LLM Evaluator Tool: Runtime Checks for Quality and Safety
NEO built a flexible evaluator that scores model outputs against rubrics. Use it to gate prompts, routing, and fine-tunes before they touch real users. The tool is aimed at teams that already ship LLM features and need repeatable scoring, not one-off eyeball review.
Problem Statement
We asked NEO to ship one CLI and API surface for evaluation batches: custom criteria, rolled-up scores, and exports your CI and product reviews can actually use. Spreadsheet grading and ad hoc rubrics do not scale when you compare models, prompt versions, or weekly releases.
Solution Overview
- Rubric engine: Criteria and weights live in YAML so you can version them beside application code.

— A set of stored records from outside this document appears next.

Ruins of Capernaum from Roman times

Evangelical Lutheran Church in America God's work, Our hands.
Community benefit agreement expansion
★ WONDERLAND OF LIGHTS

- Batch mode: CSV or JSON in, scored rows out, with optional parallelism for large sets.
- Extensible judges: Rules, embedding similarity, or LLM-as-judge behind a common interface.

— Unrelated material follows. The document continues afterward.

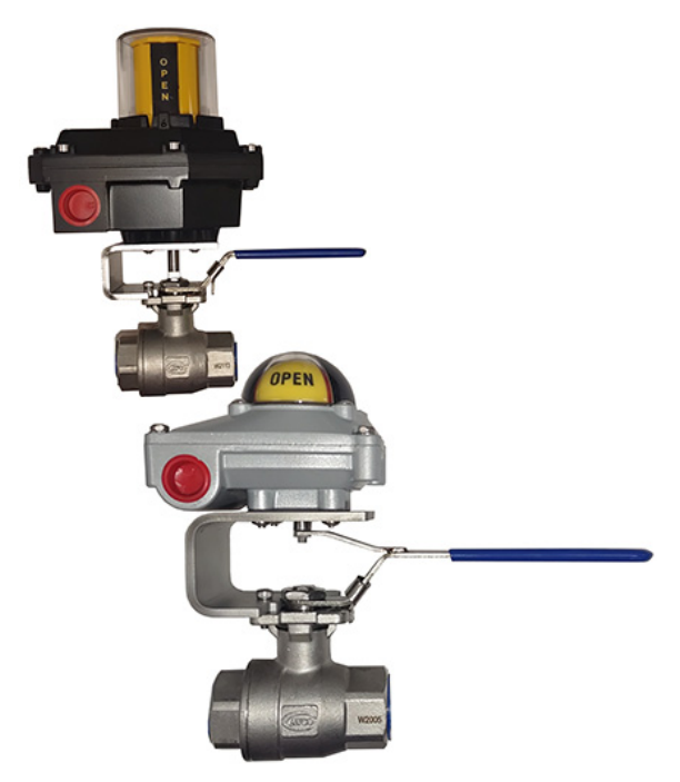
Figure 12. Lockout Valve

Lockout valves can be installed at the end of the manifold or, if a common manifold protects multiple hazards, downstream of each selector valve. Lockout valves include a limit switch. The limit switch must be wired to the control panel to indicate a trouble if the valve is closed.

- Composite scoring: Per-dimension scores roll into a single weighted index for pass and fail thresholds.

Evaluation Dimensions
The default rubric treats each response as a structured artifact and scores it on five dimensions. Each dimension uses a 1 to 5 scale in the underlying implementation; those roll into a 0 to 100 weighted composite you can threshold in CI.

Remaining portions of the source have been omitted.